Required action | All that is needed is an exact copy of the lines from the beginning of the data below through the line containing "孕妇装秋装长袖针织连衣裙秋季马甲外套秋冬装两件套裙子孕妇套装", minus the pictures.
-*-*-
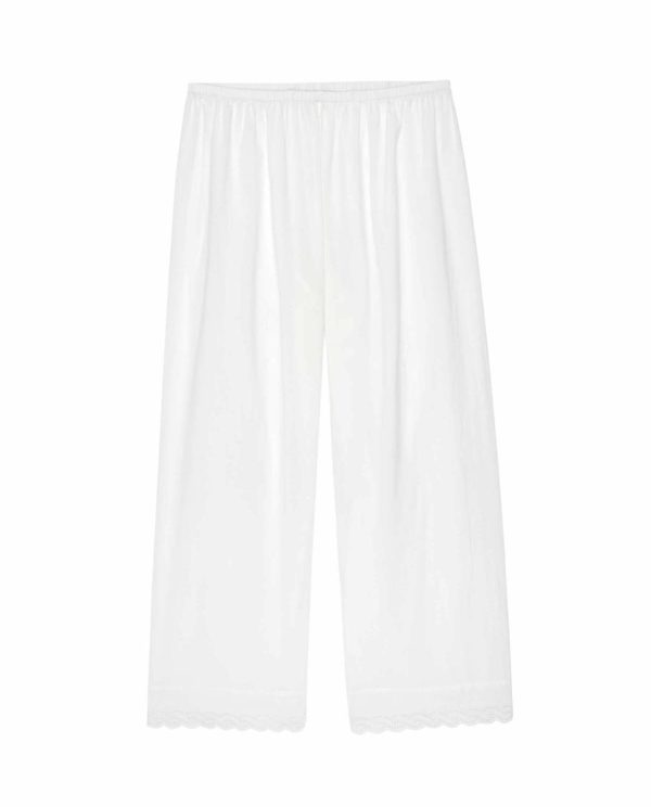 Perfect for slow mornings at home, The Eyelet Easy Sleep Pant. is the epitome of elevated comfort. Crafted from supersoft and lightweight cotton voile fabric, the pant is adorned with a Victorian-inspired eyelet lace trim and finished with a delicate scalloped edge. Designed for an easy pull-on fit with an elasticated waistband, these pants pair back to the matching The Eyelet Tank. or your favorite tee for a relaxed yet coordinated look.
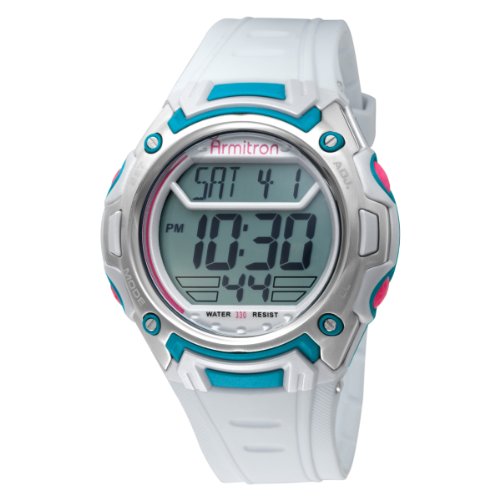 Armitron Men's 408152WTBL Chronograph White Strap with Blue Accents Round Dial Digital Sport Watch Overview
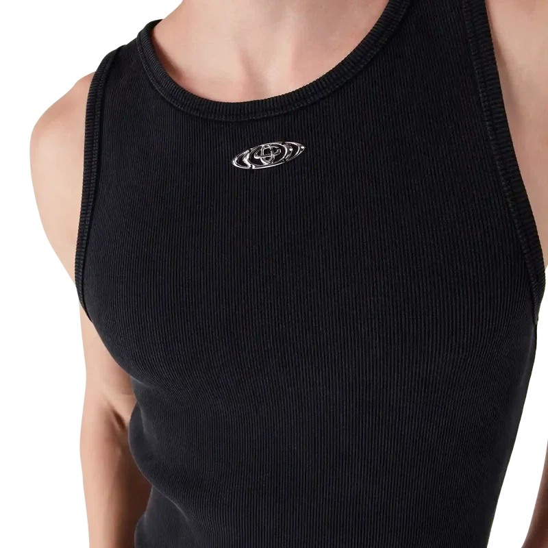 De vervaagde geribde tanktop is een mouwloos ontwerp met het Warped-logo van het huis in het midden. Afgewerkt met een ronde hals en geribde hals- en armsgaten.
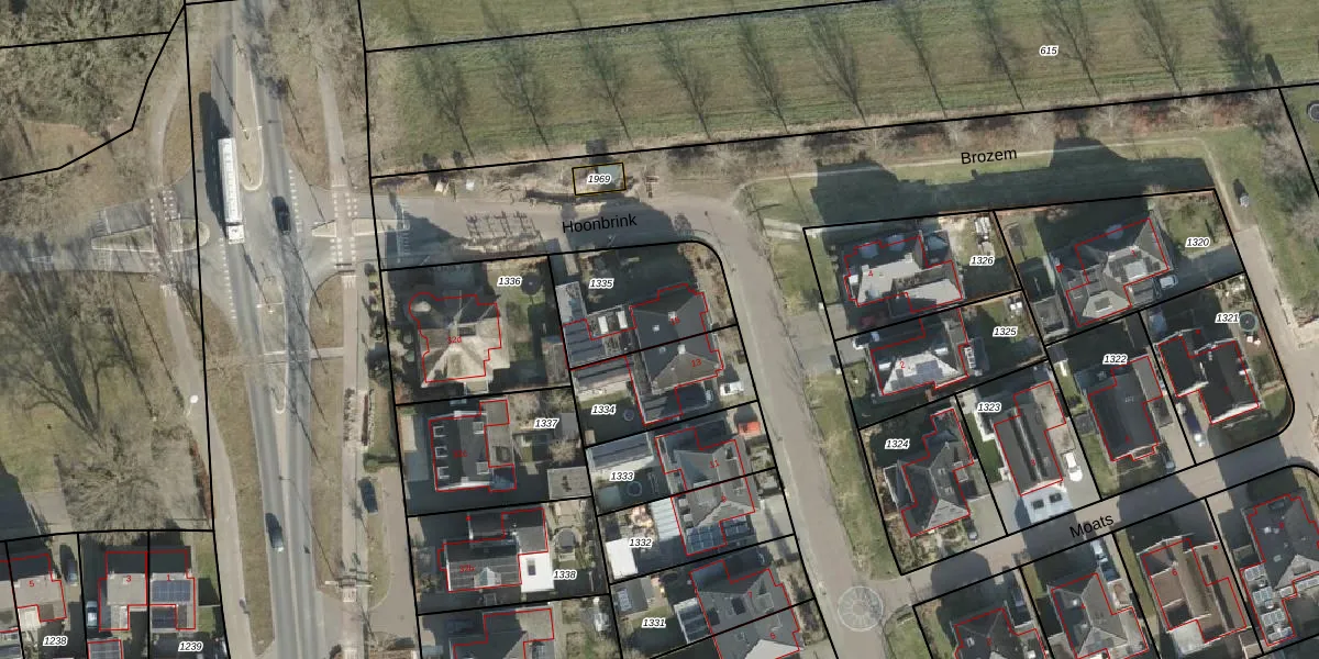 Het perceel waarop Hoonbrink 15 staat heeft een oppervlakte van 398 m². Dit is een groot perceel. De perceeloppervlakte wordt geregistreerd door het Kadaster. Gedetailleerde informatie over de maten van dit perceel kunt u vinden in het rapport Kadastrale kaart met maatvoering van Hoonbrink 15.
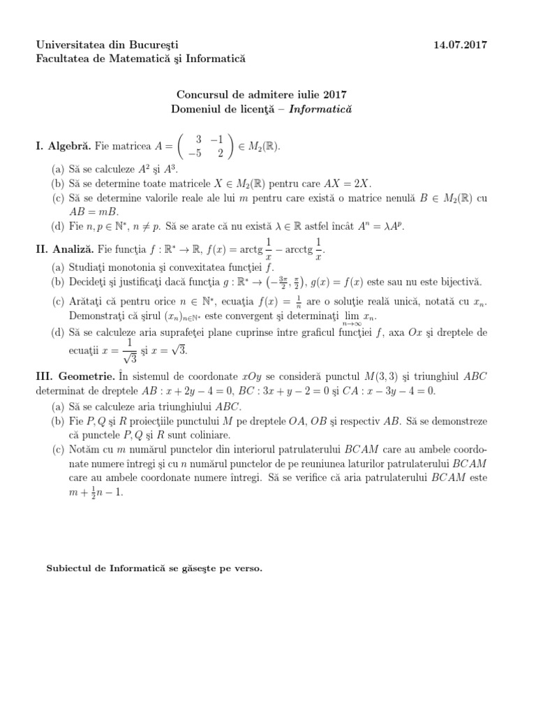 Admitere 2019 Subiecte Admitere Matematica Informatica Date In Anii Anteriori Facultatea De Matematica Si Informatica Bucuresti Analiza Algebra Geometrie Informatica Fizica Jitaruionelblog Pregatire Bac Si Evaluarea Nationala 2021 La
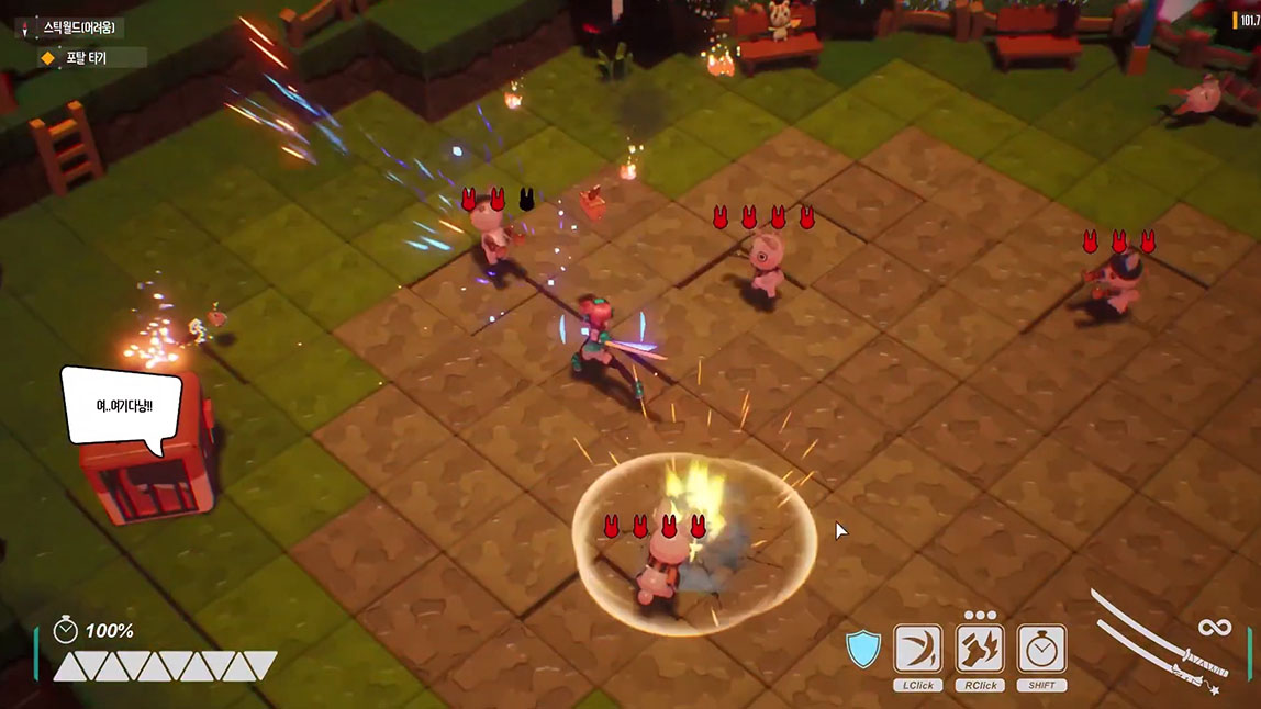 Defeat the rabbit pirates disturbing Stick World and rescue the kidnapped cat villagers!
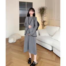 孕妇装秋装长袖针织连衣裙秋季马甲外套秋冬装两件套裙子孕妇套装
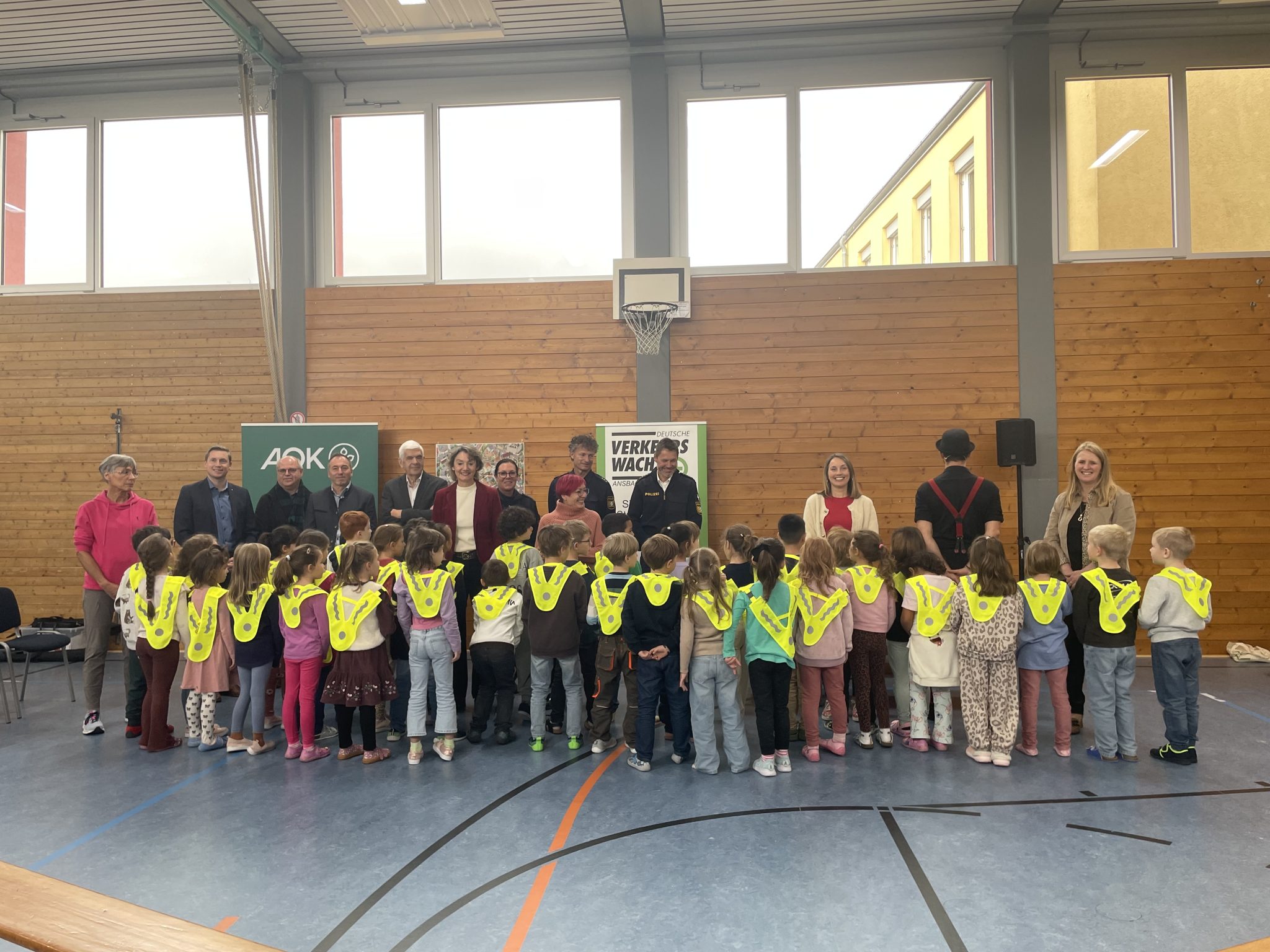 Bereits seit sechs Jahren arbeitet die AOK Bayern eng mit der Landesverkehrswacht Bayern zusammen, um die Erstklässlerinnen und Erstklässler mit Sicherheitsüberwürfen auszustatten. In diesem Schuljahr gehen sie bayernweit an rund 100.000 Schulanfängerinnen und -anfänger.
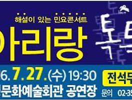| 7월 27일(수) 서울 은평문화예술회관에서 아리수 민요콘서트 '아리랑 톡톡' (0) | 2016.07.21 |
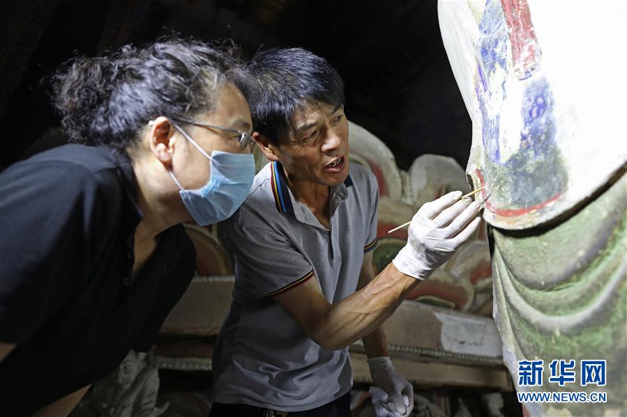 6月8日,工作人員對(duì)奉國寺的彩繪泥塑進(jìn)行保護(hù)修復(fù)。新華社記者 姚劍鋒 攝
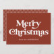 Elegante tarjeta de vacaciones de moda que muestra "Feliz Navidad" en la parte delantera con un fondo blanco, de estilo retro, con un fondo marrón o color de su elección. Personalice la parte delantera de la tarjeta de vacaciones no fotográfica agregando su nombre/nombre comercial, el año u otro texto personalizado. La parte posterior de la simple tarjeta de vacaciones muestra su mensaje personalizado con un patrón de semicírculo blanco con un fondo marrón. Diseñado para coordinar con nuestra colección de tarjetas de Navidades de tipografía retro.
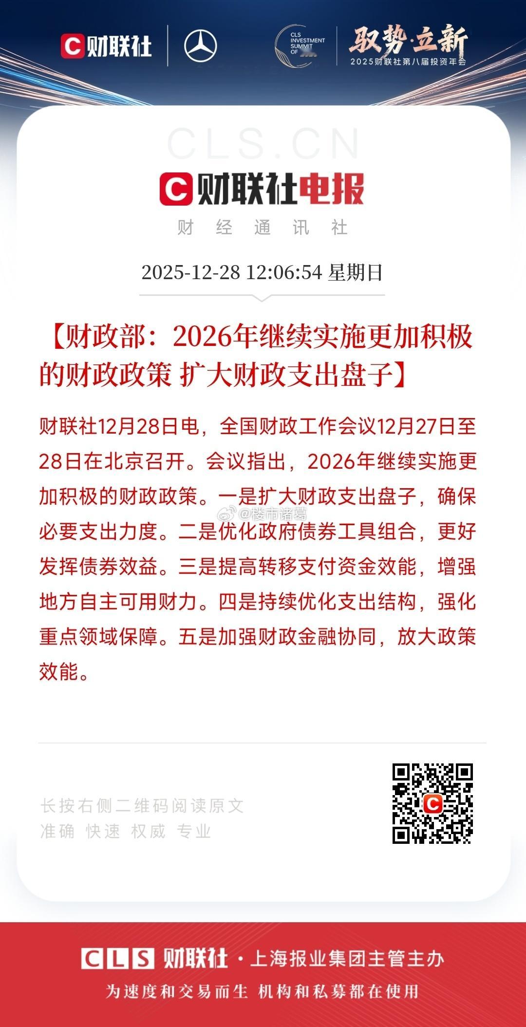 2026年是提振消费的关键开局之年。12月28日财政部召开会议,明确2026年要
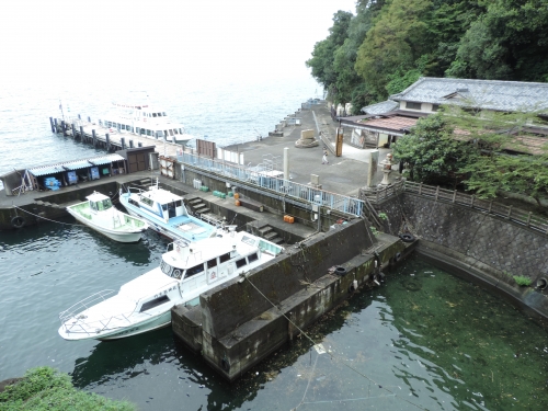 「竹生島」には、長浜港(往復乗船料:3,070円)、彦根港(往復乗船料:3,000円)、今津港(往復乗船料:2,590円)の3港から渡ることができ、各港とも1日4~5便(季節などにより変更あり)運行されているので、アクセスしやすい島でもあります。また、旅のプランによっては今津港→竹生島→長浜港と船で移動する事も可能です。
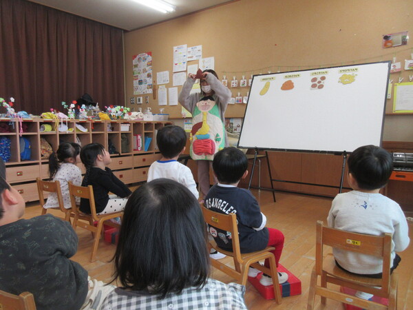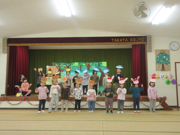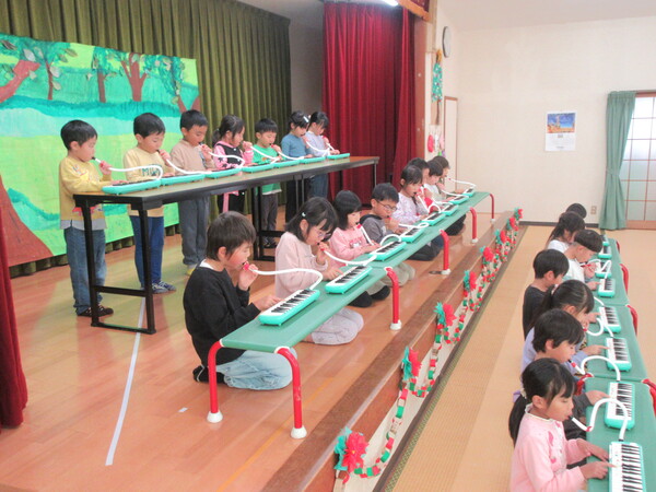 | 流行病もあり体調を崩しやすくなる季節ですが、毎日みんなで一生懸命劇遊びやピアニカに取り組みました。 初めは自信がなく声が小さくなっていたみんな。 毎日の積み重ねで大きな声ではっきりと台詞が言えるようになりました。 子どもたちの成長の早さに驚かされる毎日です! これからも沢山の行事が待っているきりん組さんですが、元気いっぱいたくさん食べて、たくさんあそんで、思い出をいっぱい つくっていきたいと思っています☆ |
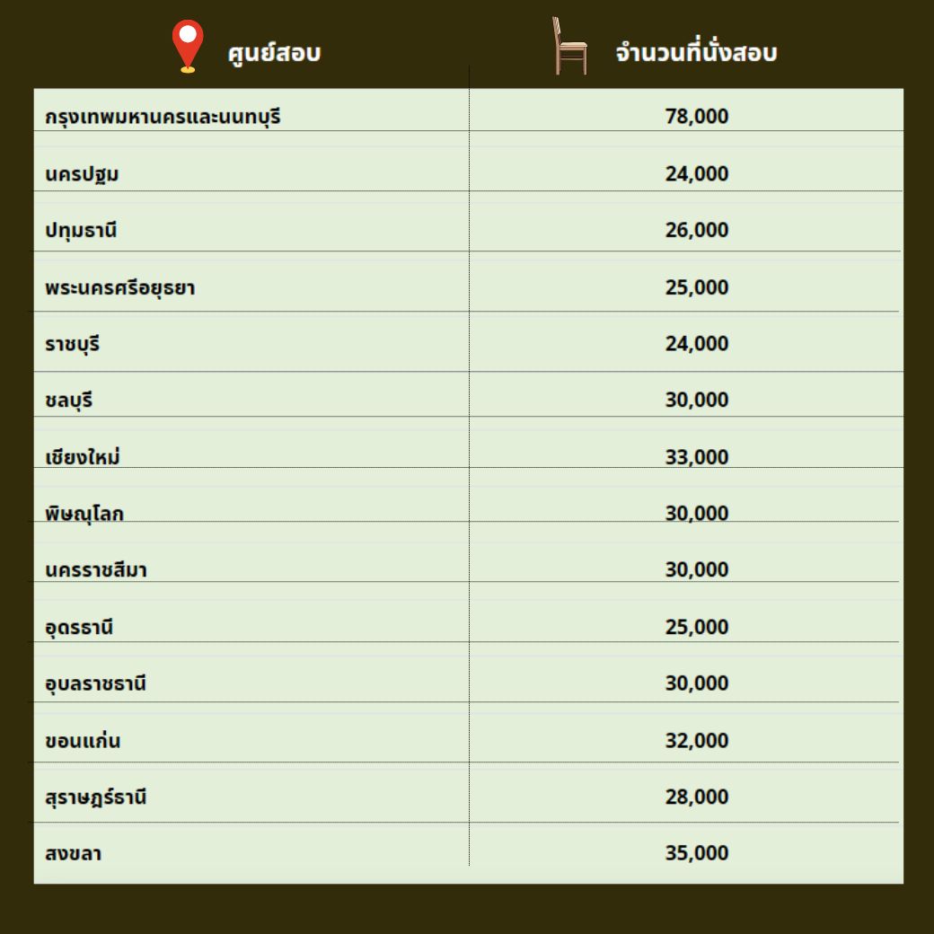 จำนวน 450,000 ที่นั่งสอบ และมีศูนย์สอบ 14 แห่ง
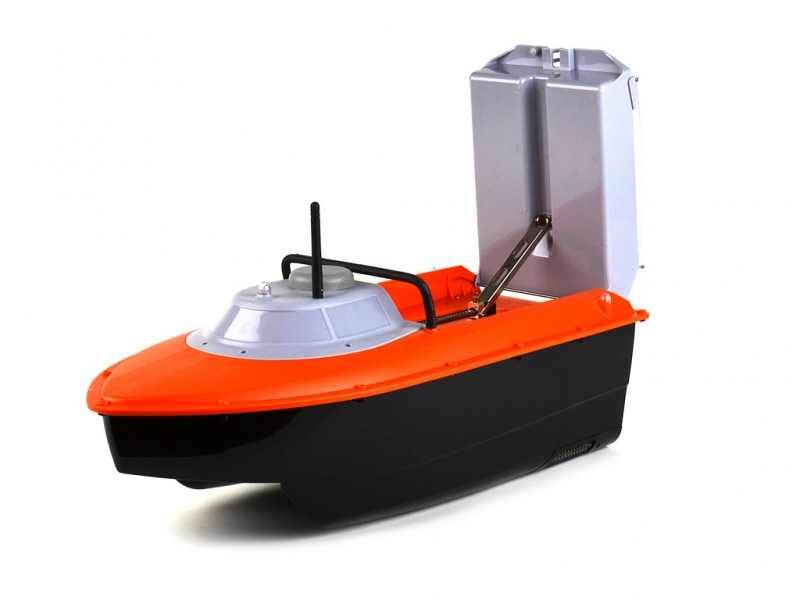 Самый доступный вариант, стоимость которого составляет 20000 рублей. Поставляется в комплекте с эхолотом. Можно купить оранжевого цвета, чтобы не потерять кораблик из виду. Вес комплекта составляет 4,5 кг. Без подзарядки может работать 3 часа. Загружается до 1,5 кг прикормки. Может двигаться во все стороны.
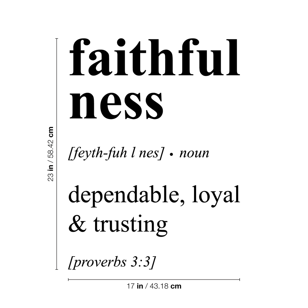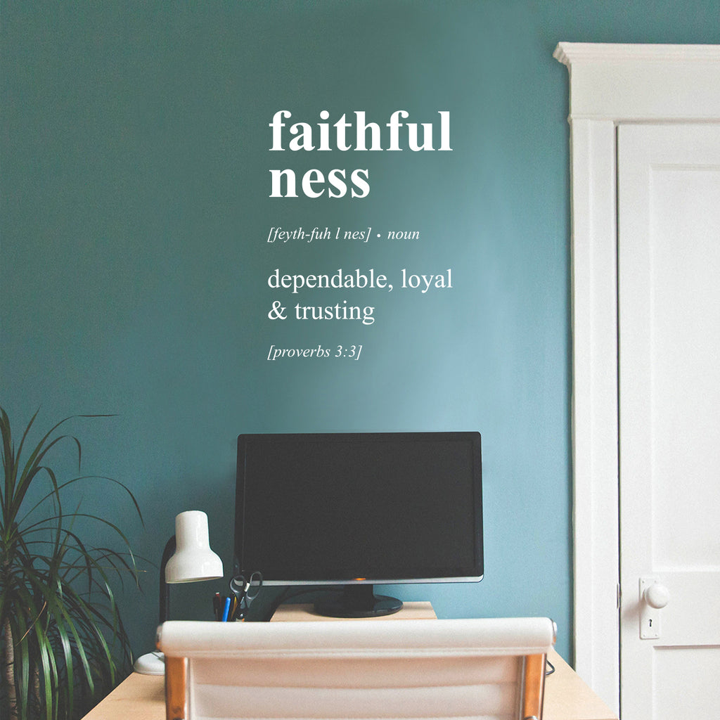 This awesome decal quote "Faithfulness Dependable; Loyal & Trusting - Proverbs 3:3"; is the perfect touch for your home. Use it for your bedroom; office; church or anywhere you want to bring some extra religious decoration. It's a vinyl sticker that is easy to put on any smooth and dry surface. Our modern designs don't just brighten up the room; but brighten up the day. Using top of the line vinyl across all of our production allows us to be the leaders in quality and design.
-*-*-
Result |
 Perfect for slow mornings at home, The Eyelet Easy Sleep Pant. is the epitome of elevated comfort. Crafted from supersoft and lightweight cotton voile fabric, the pant is adorned with a Victorian-inspired eyelet lace trim and finished with a delicate scalloped edge. Designed for an easy pull-on fit with an elasticated waistband, these pants pair back to the matching The Eyelet Tank. or your favorite tee for a relaxed yet coordinated look.
 Armitron Men's 408152WTBL Chronograph White Strap with Blue Accents Round Dial Digital Sport Watch Overview
 De vervaagde geribde tanktop is een mouwloos ontwerp met het Warped-logo van het huis in het midden. Afgewerkt met een ronde hals en geribde hals- en armsgaten.
 Het perceel waarop Hoonbrink 15 staat heeft een oppervlakte van 398 m². Dit is een groot perceel. De perceeloppervlakte wordt geregistreerd door het Kadaster. Gedetailleerde informatie over de maten van dit perceel kunt u vinden in het rapport Kadastrale kaart met maatvoering van Hoonbrink 15.
 Admitere 2019 Subiecte Admitere Matematica Informatica Date In Anii Anteriori Facultatea De Matematica Si Informatica Bucuresti Analiza Algebra Geometrie Informatica Fizica Jitaruionelblog Pregatire Bac Si Evaluarea Nationala 2021 La
 Defeat the rabbit pirates disturbing Stick World and rescue the kidnapped cat villagers!
 孕妇装秋装长袖针织连衣裙秋季马甲外套秋冬装两件套裙子孕妇套装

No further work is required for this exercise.